» **About this exercise**:
Where an entry contains a picture, omit the picture and repeat the rest exactly.

START Provided information

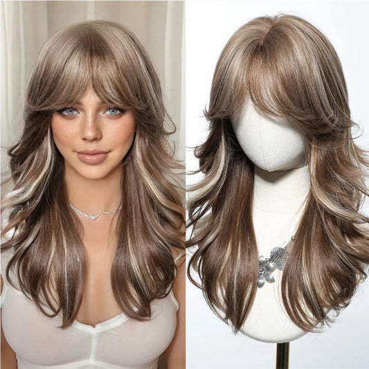 Berlinda【WA-LC3076-1BR20】 Brown Blonde Highlight Wig with Bangs 20 inch Butterfly Cut Synthetic Trending for Women Daily or Party
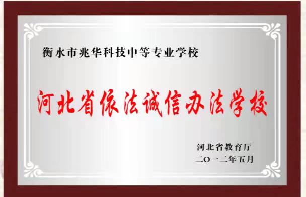 衡水兆华科技中专学校成立于1993年,近30年来始终坚持为国举教、为民办学,为党育人、为国育才。依法办学、以法治校、创建诚信学校。2008年8月新学年、新学期,学校提出了“建设诚信学校,做诚信师生”的口号。实施诚信处室、诚信招生、诚信教学、诚信就业、诚信服务。以法治的体制、法治的程序,诚信的体制、诚信的机制,不断推进学校教育教学各项工作法治化、规范化,不断提高教育教学质量,取得了很好的成效。2012年被河北省教育厅授予其“依法办学诚信学校”称号。
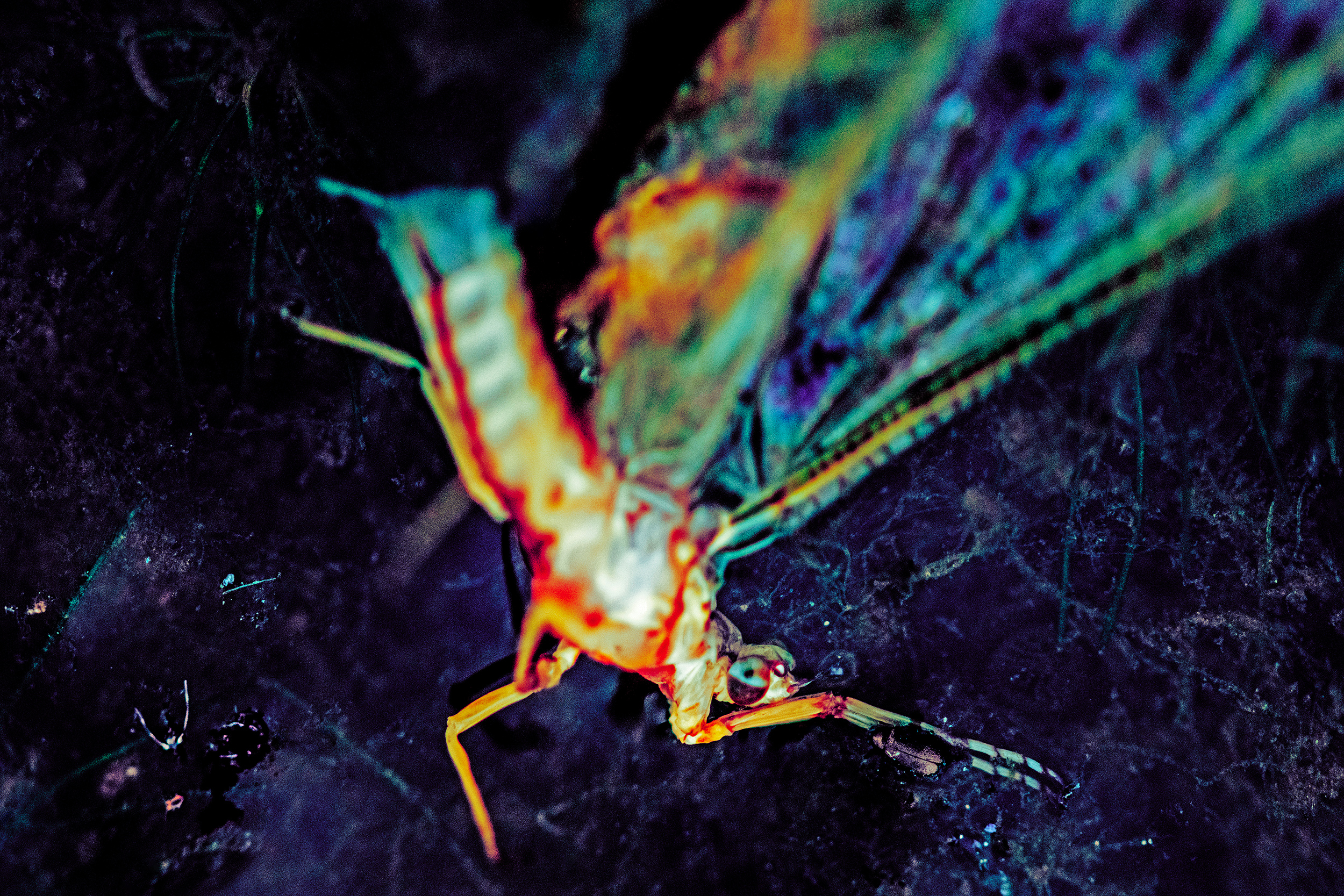 Laramie Greenbelt Trail deceased mayfly floating atop shallow river shore macro shot captured outdoors on July 29th 2025 at 8:13 AM during a warm, cloudy and sunny summer morning by Laramie Wyoming photographer Sean Michael Datz using a Nikon D850 camera with Sigma TC-2001 2x Teleconverter and Sigma 105mm macro lens at a focal length distance of 210mm.
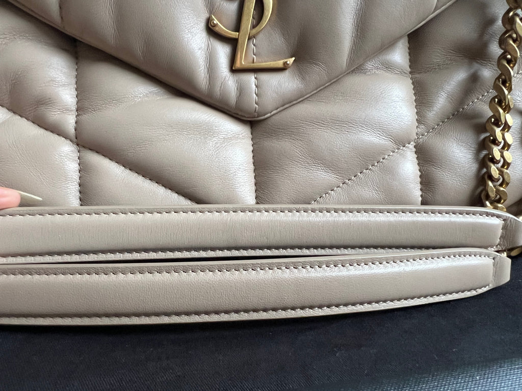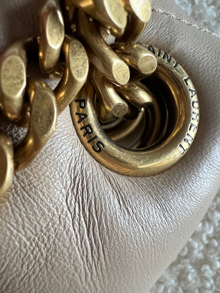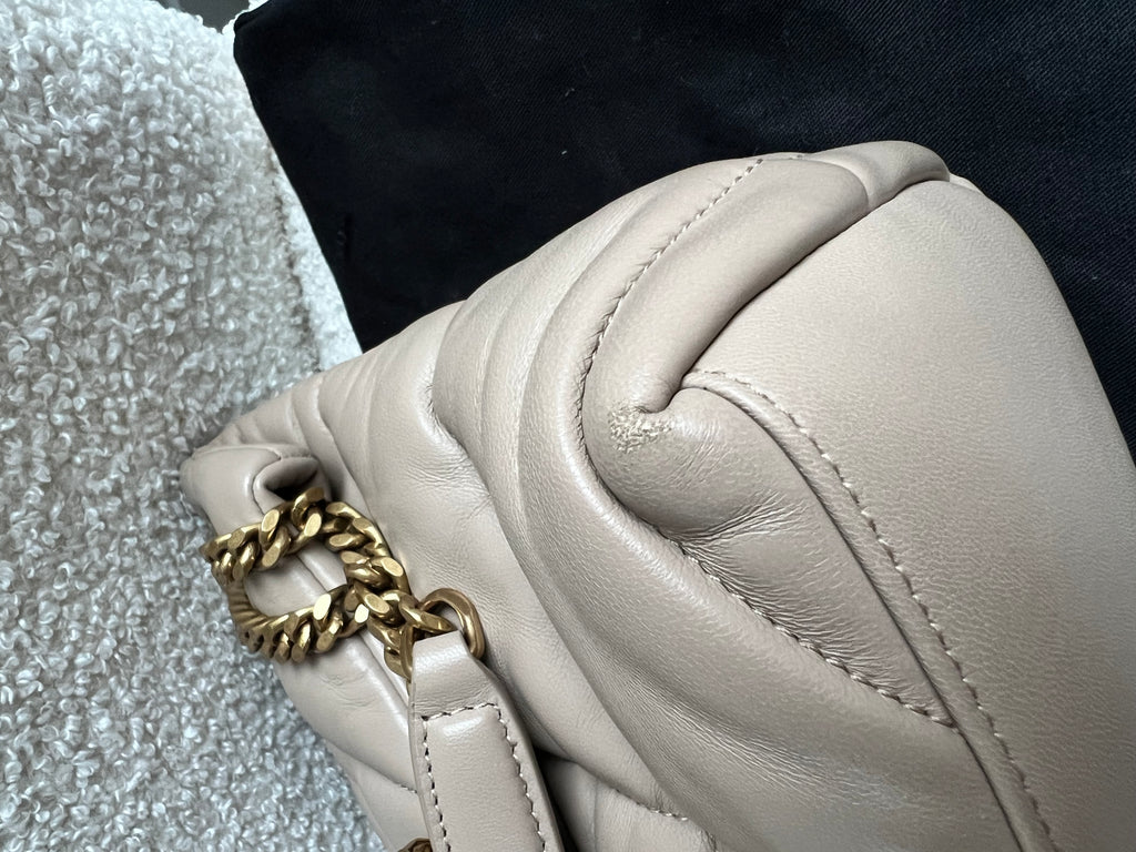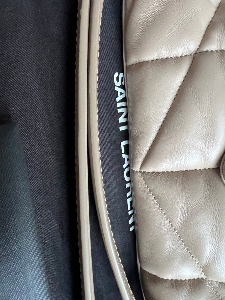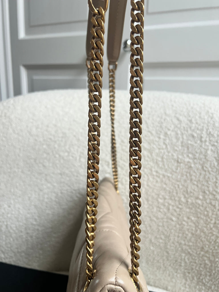 YSL Small Puffer Bag Beige Quilted Lambskin with gold hardware. This satchel style puffer bag is slightly slouchy and features the YSL hardware and has flap and magnetic snap closure. The quilted leather is incredibly soft and luxurious and is an ideal size for day to day or weekend wear. The sliding chain strap means it can be worn with the strap doubled or lengthened. This versatile style can be worn with both casual and glam outfits. Can be worn over shoulder or cross body with the strap either doubled up or lengthened.
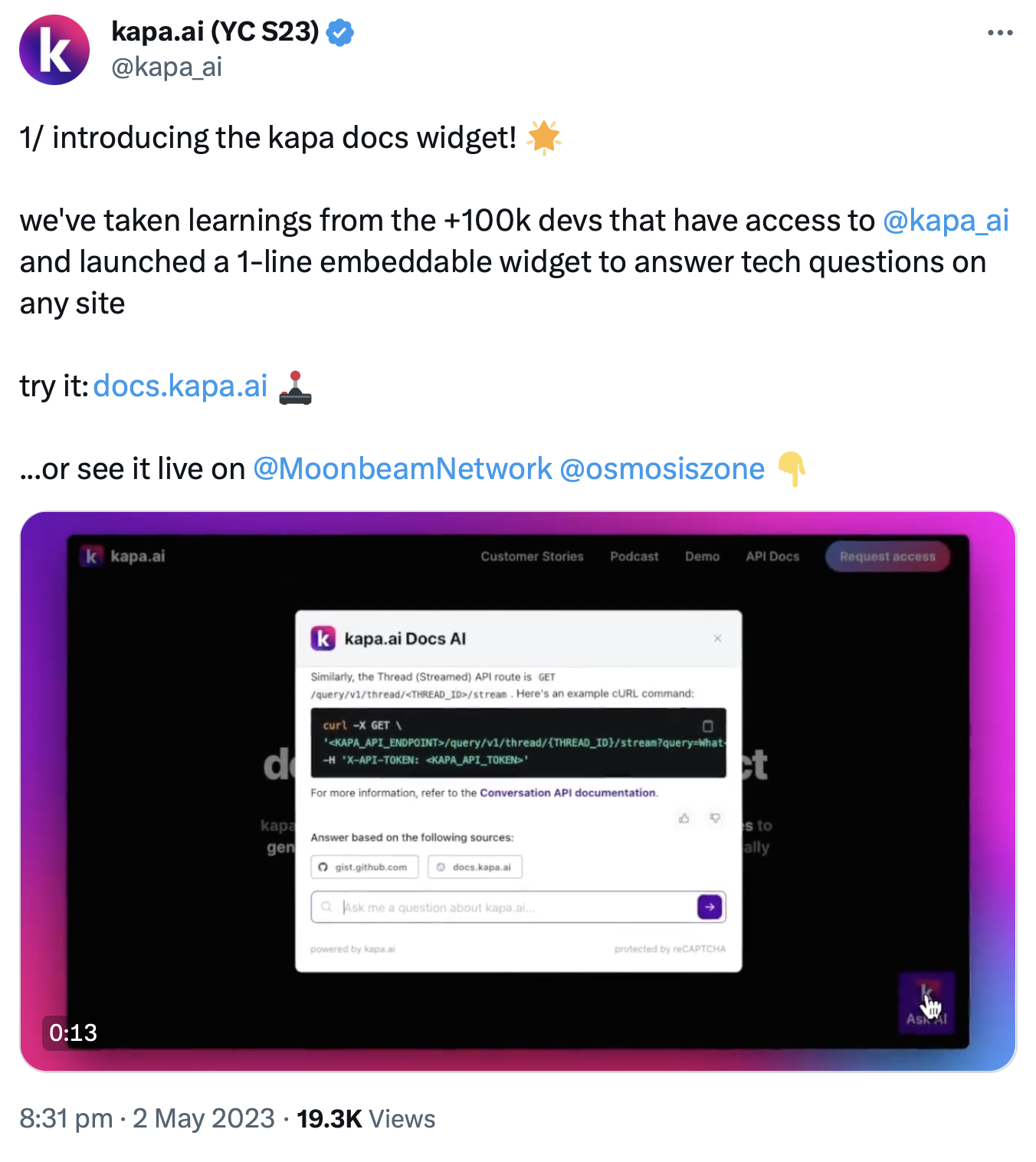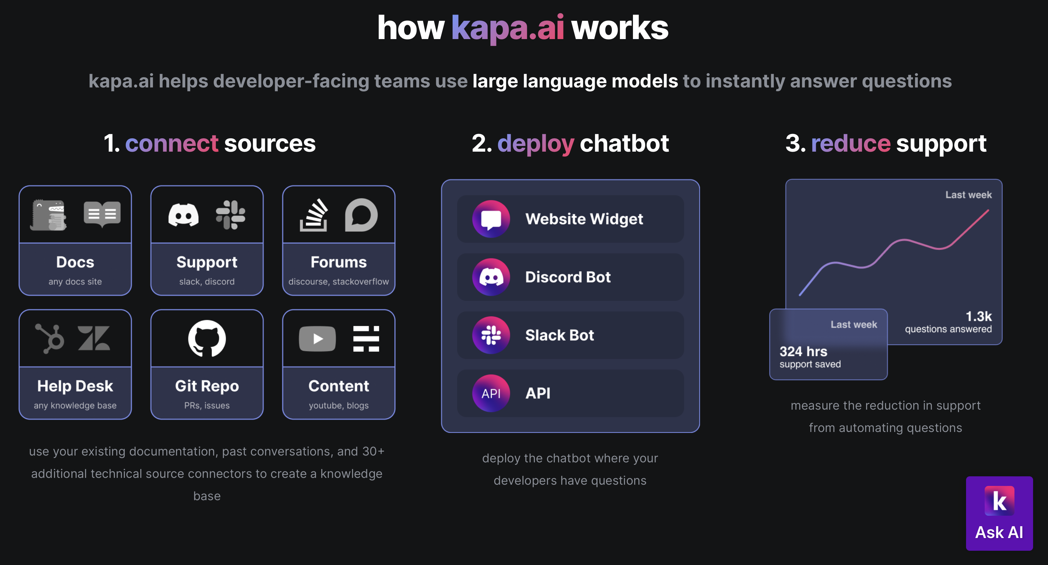 Best landing page I've seen in a while. You can also find several demos. They achieved a very cool milestone back in May 2023. Adding the LLM + RAG feature to your website is as simple to integrate as a widget.

END Provided information

» **Result**:
 Berlinda【WA-LC3076-1BR20】 Brown Blonde Highlight Wig with Bangs 20 inch Butterfly Cut Synthetic Trending for Women Daily or Party
 衡水兆华科技中专学校成立于1993年,近30年来始终坚持为国举教、为民办学,为党育人、为国育才。依法办学、以法治校、创建诚信学校。2008年8月新学年、新学期,学校提出了“建设诚信学校,做诚信师生”的口号。实施诚信处室、诚信招生、诚信教学、诚信就业、诚信服务。以法治的体制、法治的程序,诚信的体制、诚信的机制,不断推进学校教育教学各项工作法治化、规范化,不断提高教育教学质量,取得了很好的成效。2012年被河北省教育厅授予其“依法办学诚信学校”称号。
 Laramie Greenbelt Trail deceased mayfly floating atop shallow river shore macro shot captured outdoors on July 29th 2025 at 8:13 AM during a warm, cloudy and sunny summer morning by Laramie Wyoming photographer Sean Michael Datz using a Nikon D850 camera with Sigma TC-2001 2x Teleconverter and Sigma 105mm macro lens at a focal length distance of 210mm.
 YSL Small Puffer Bag Beige Quilted Lambskin with gold hardware. This satchel style puffer bag is slightly slouchy and features the YSL hardware and has flap and magnetic snap closure. The quilted leather is incredibly soft and luxurious and is an ideal size for day to day or weekend wear. The sliding chain strap means it can be worn with the strap doubled or lengthened. This versatile style can be worn with both casual and glam outfits. Can be worn over shoulder or cross body with the strap either doubled up or lengthened.
 Best landing page I've seen in a while. You can also find several demos. They achieved a very cool milestone back in May 2023. Adding the LLM + RAG feature to your website is as simple to integrate as a widget.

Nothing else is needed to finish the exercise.